The IRS handed out installments of up to half of the eligible amount last year, with taxpayers able to claim the rest of the credit after they file their 2021 tax returns. Speidel said if you received money last year, you should look for letters and check your bank statements to make sure you are reporting the amount you received correctly.
“The child tax credit has been a difficult part of this production season, I think, for many taxpayers and tax practitioners. Most people can’t remember the amount of prepayments they received with 100% accuracy,” Speidel said.
She explained that a common source of confusion has been how the IRS has distributed letters to married couples who file jointly.
“People get these identical letters that say, ‘Mrs. Smith got $750, Mr. Smith got $750. And they just assume that when they go to see their tax preparer, they are declaring $750. In reality, it’s $1,500.
What are the new reporting requirements on transactions through apps like Venmo, PayPal, Cash App, and Zelle?
Starting this year, apps must report transactions of $600 or more, a steep drop from the previous reporting threshold of $20,000. Venmo’s FAQ explains that the rule applies to sales of goods and services, but not payments from friends and family. However, you will have to report the winnings next year, during the 2023 tax season, not this year.

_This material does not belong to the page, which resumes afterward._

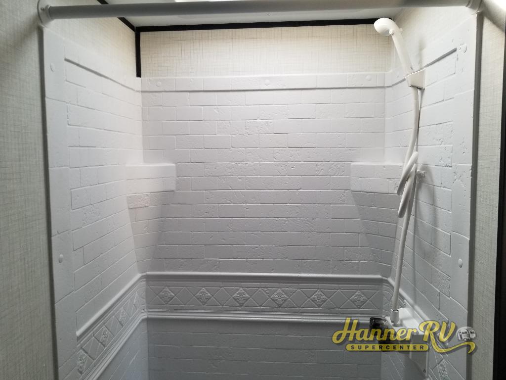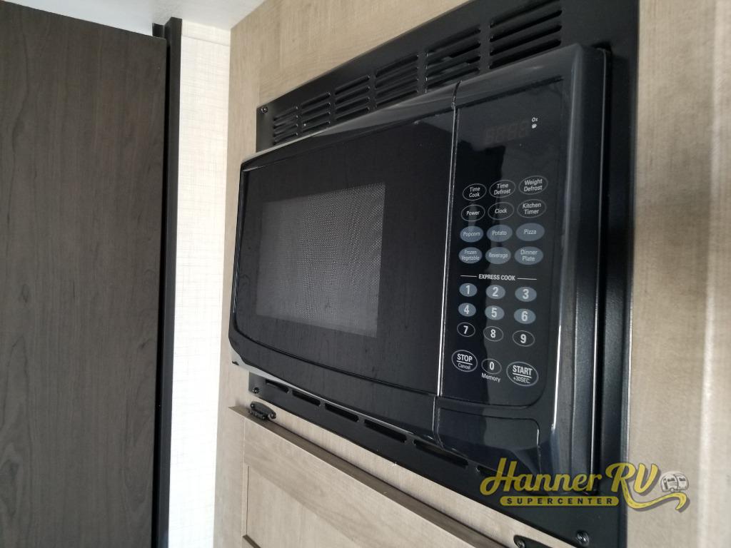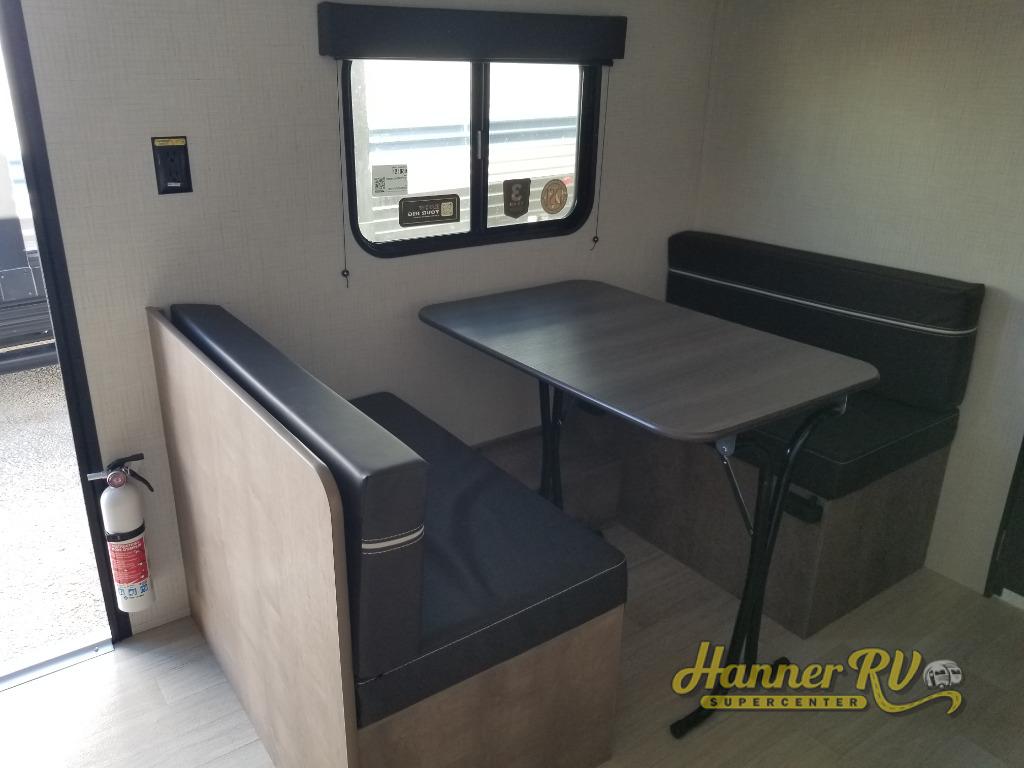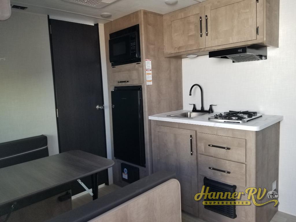 Camping trips just got easier travel trailer that can sleep three to four each night! There is a front Olympic RV queen bed with an overhead shelf and bedside wardrobe for your things. A two-burner cooktop and microwave oven will let you make breakfast for your crew, and a booth dinette provides a place to dine together, as well as convert to sleeping space for a guest or two little ones. This travel trailer also includes a full rear bath, complete with a shower, toilet, and vanity with a sink and overhead cabinet!

The IRS wants to be able to collect this income because it’s easy for people to illegally underreport payments made in cash or through apps, according to Caroline Bruckner, managing director of American University’s Kogod Tax Policy Center, who has discussed in an interview. with Marketplace’s Kristin Schwab.
She again stressed that people should keep their records longer than they think because of the potential issues they might run into with this rule.
“We often have people come to us and we try to help them piece together records to show that they may have been paid $5,000, but they have expenses they can deduct from that money. . For example, if it’s a small business seller,” Speidel said.
She pointed out that sometimes the IRS may incorrectly treat certain transactions as taxable if they were made through these third-party companies.
The IRS is aware of these transactions through 1099-K forms, which platforms like GoFundMe provide after a certain amount of money has been donated or a specific number of people have donated. However, the GoFundMe website explains that “donations made to GoFundMe personal fundraisers are generally considered ‘personal gifts,’ which for the most part are not taxed as income in the United States.”
Speidel said she recently had a client who was audited based on a GoFundMe 1099-K and needed to prove the circumstances of her difficulties.
What other taxes can I owe?
If you received unemployment compensation in 2020, you were allowed to exclude up to $10,200 of it on your tax return last year. However, you cannot exclude this amount for 2021.
You can see other tax changes that may apply to you here.